# [TASK TO CARRY OUT]
Using the entries that follow, write out the line containing "High-end All-match Thin", the line containing "left!important;color: #777!important;margin-top: 20px;'>东莞日报  记者", and every line between them, exactly and nothing else.

START EXTRACTED ENTRIES

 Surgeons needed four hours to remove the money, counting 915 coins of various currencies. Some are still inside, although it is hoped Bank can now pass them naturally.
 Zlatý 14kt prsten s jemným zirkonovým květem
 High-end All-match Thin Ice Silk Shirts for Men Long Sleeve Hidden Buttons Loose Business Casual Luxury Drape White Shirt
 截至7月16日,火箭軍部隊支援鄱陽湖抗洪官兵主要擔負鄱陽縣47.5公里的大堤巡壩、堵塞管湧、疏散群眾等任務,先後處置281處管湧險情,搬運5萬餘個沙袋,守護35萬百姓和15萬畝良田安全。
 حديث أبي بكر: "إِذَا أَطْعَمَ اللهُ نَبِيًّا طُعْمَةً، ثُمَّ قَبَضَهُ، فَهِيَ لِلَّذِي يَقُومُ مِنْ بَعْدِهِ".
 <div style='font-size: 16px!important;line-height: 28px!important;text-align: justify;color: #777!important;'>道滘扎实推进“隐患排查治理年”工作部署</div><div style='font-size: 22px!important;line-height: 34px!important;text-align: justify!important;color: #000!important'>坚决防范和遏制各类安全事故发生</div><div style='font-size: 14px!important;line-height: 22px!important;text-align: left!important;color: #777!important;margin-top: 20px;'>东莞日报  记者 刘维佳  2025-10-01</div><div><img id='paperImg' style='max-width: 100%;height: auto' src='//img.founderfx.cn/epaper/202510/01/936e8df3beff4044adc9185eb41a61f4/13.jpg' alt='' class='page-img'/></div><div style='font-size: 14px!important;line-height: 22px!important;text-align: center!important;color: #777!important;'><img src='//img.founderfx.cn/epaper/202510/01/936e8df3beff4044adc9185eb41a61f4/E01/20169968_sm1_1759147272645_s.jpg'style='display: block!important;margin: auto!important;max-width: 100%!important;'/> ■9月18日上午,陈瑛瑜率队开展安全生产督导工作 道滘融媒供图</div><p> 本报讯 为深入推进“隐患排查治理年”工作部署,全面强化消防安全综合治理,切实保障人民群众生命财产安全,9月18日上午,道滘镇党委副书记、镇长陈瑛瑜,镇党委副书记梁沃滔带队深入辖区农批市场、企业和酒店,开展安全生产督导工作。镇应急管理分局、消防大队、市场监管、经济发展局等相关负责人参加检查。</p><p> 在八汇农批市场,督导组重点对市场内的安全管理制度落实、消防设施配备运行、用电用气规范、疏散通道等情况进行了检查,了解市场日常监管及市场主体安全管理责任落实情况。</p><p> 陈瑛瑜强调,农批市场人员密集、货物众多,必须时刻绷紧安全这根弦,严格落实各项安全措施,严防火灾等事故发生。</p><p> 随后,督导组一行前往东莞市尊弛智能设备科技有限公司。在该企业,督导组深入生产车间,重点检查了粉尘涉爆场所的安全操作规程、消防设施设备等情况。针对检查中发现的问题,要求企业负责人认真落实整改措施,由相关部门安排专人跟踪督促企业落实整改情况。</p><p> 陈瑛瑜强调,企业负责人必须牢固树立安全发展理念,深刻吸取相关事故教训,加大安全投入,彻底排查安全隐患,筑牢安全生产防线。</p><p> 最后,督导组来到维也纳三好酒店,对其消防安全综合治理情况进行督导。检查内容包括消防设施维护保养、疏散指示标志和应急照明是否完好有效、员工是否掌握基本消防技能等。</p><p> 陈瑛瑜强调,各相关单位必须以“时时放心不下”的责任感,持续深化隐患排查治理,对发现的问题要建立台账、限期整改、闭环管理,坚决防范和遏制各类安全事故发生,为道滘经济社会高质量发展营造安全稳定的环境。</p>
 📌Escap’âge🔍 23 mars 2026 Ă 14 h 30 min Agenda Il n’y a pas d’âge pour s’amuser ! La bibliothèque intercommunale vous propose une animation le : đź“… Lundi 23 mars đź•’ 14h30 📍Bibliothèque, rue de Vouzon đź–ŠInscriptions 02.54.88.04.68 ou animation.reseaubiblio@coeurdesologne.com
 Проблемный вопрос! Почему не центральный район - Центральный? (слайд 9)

END EXTRACTED ENTRIES

# [YOUR SOLUTION]
 High-end All-match Thin Ice Silk Shirts for Men Long Sleeve Hidden Buttons Loose Business Casual Luxury Drape White Shirt
 截至7月16日,火箭軍部隊支援鄱陽湖抗洪官兵主要擔負鄱陽縣47.5公里的大堤巡壩、堵塞管湧、疏散群眾等任務,先後處置281處管湧險情,搬運5萬餘個沙袋,守護35萬百姓和15萬畝良田安全。
 حديث أبي بكر: "إِذَا أَطْعَمَ اللهُ نَبِيًّا طُعْمَةً، ثُمَّ قَبَضَهُ، فَهِيَ لِلَّذِي يَقُومُ مِنْ بَعْدِهِ".
 <div style='font-size: 16px!important;line-height: 28px!important;text-align: justify;color: #777!important;'>道滘扎实推进“隐患排查治理年”工作部署</div><div style='font-size: 22px!important;line-height: 34px!important;text-align: justify!important;color: #000!important'>坚决防范和遏制各类安全事故发生</div><div style='font-size: 14px!important;line-height: 22px!important;text-align: left!important;color: #777!important;margin-top: 20px;'>东莞日报  记者 刘维佳  2025-10-01</div><div><img id='paperImg' style='max-width: 100%;height: auto' src='//img.founderfx.cn/epaper/202510/01/936e8df3beff4044adc9185eb41a61f4/13.jpg' alt='' class='page-img'/></div><div style='font-size: 14px!important;line-height: 22px!important;text-align: center!important;color: #777!important;'><img src='//img.founderfx.cn/epaper/202510/01/936e8df3beff4044adc9185eb41a61f4/E01/20169968_sm1_1759147272645_s.jpg'style='display: block!important;margin: auto!important;max-width: 100%!important;'/> ■9月18日上午,陈瑛瑜率队开展安全生产督导工作 道滘融媒供图</div><p> 本报讯 为深入推进“隐患排查治理年”工作部署,全面强化消防安全综合治理,切实保障人民群众生命财产安全,9月18日上午,道滘镇党委副书记、镇长陈瑛瑜,镇党委副书记梁沃滔带队深入辖区农批市场、企业和酒店,开展安全生产督导工作。镇应急管理分局、消防大队、市场监管、经济发展局等相关负责人参加检查。</p><p> 在八汇农批市场,督导组重点对市场内的安全管理制度落实、消防设施配备运行、用电用气规范、疏散通道等情况进行了检查,了解市场日常监管及市场主体安全管理责任落实情况。</p><p> 陈瑛瑜强调,农批市场人员密集、货物众多,必须时刻绷紧安全这根弦,严格落实各项安全措施,严防火灾等事故发生。</p><p> 随后,督导组一行前往东莞市尊弛智能设备科技有限公司。在该企业,督导组深入生产车间,重点检查了粉尘涉爆场所的安全操作规程、消防设施设备等情况。针对检查中发现的问题,要求企业负责人认真落实整改措施,由相关部门安排专人跟踪督促企业落实整改情况。</p><p> 陈瑛瑜强调,企业负责人必须牢固树立安全发展理念,深刻吸取相关事故教训,加大安全投入,彻底排查安全隐患,筑牢安全生产防线。</p><p> 最后,督导组来到维也纳三好酒店,对其消防安全综合治理情况进行督导。检查内容包括消防设施维护保养、疏散指示标志和应急照明是否完好有效、员工是否掌握基本消防技能等。</p><p> 陈瑛瑜强调,各相关单位必须以“时时放心不下”的责任感,持续深化隐患排查治理,对发现的问题要建立台账、限期整改、闭环管理,坚决防范和遏制各类安全事故发生,为道滘经济社会高质量发展营造安全稳定的环境。</p>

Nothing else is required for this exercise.